3

We've had a little introspection over at Code Review of LINQ Enumerable and discovered different strategies for iterating a IEnumerable<TSource> to yield us some information about it.

Any

public static bool Any<TSource>(
     this IEnumerable<TSource> source, Func<TSource, bool> predicate) 
{
     if (source == null) throw Error.ArgumentNull("source");
     if (predicate == null) throw Error.ArgumentNull("predicate");
     foreach (TSource element in source) {
         if (predicate(element)) return true;
     }
     return false;
 }

 public static bool Any<TSource>(this IEnumerable<TSource> source)
 {
      if (source == null) throw Error.ArgumentNull("source");
      using (IEnumerator<TSource> e = source.GetEnumerator()) {
          if (e.MoveNext()) return true;
      }
      return false;
  }

Count

public static int Count<TSource>(this IEnumerable<TSource> source) 
{
    if (source == null) throw Error.ArgumentNull("source");
    ICollection<TSource> collectionoft = source as ICollection<TSource>;
    if (collectionoft != null) return collectionoft.Count;
    ICollection collection = source as ICollection;
    if (collection != null) return collection.Count;
    int count = 0;
    using (IEnumerator<TSource> e = source.GetEnumerator()) {
        checked {
            while (e.MoveNext()) count++;
        }
    }
    return count;
}

SingleOrDefault

public static TSource SingleOrDefault<TSource>(
    this IEnumerable<TSource> source, Func<TSource, bool> predicate) 
{
    if (source == null) throw Error.ArgumentNull("source");
    if (predicate == null) throw Error.ArgumentNull("predicate");
    TSource result = default(TSource);
    long count = 0;
    foreach (TSource element in source) {
        if (predicate(element)) {
            result = element;
            checked { count++; }
        }
    }
    switch (count) {
        case 0: return default(TSource);
        case 1: return result;
    }
    throw Error.MoreThanOneMatch();
}

As you can see, 3 different strategies were used.

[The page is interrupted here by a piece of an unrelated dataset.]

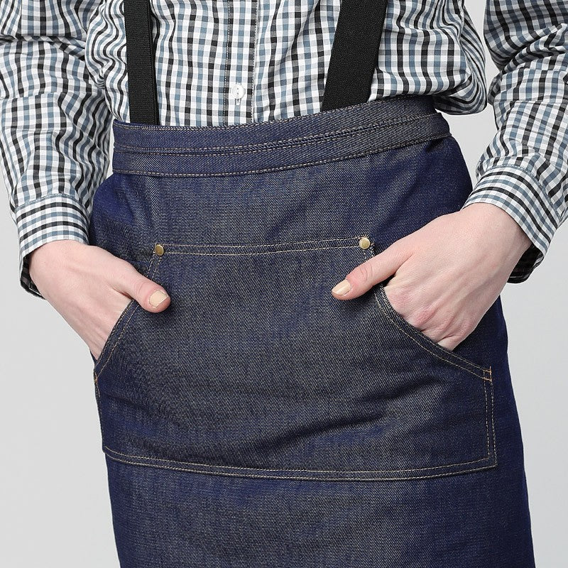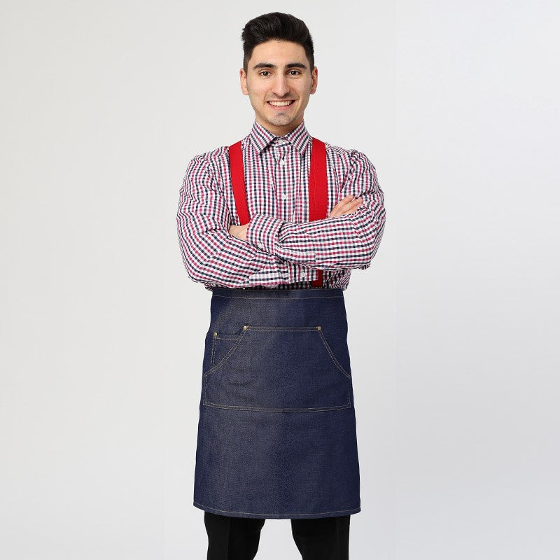 Ce tablier de service convient aussi bien aux hommes qu'aux femmes. C'est un gilet denim qu'il est possible d'attacher par l'arrière ou par le devant avec un joli nœud. Il est très facile d'accorder ce tablier avec une chemise grise ou rouge ainsi que des bretelles rouges. Cela va donner un style très prononcé et vous serez tendance dans votre travail.

  • Any: Iterate the enumerator, with early exit
  • Count: Iterate the enumerator, unless ICollection, call Count
  • SingleOrDefault: Iterate the enumerator, without early exit

Some observations:

  • 'Any()' could have also been optimized for ICollection
  • 'SingleOrDefault' could have also been optimized to exit early
  • none of the methods care about IReadOnlyCollection, even though it also has a property 'Count'

Questions:

  • what are the pro's and contra's of each of these strategies?
  • is there a good reason why the implementation of LINQ is as it is?
  • 1
    If you pass `Any` a `predicate` you have to look at the items to determine if you have at least one that matches, so I don't see how it could be optimized for `ICollection` unless you're just talking about using a `for` loop instead. In any case this is way too opinion based for SO. – juharr Jul 26 '19 at 15:53
  • 1
    @steve16351 But it could exit with an error as soon as it sees a second match. – juharr Jul 26 '19 at 15:54
  • @juharr you are right about Any(predicate), I will also include Any(), which could be optimized for ICollection –  Jul 26 '19 at 15:57
  • The `Any` without a predicate just gets the enumerator and tries a `MoveNext` which should be fairly efficient even on an `ICollection` and then you avoid the casting. – juharr Jul 26 '19 at 15:59
  • 1
    You're looking at the .NET Framework source. .NET Core has some optimizations that .NET Framework doesn't. For example, `SingleOrDefault` with a predicate *does* short-circuit once it finds a second match. – madreflection Jul 26 '19 at 15:59
  • @juharr shouldn't Collection.Count be eager and IEnumerator.MoveNext lazy (with possible performance loss)? –  Jul 26 '19 at 16:01
  • 1
    It's not a eager vs lazy issue. Calling `GetEnumerator` will likely require creating a new object but I'm guessing any additional overhead was not significant enough to justify attempting the cast. – juharr Jul 26 '19 at 16:17

1 Answers1

1

Well, the first two methods are self-explanatory, aren't they? They are optimized in a way that they stop as soon as possible and also check if the type has a Count property to avoid the loop.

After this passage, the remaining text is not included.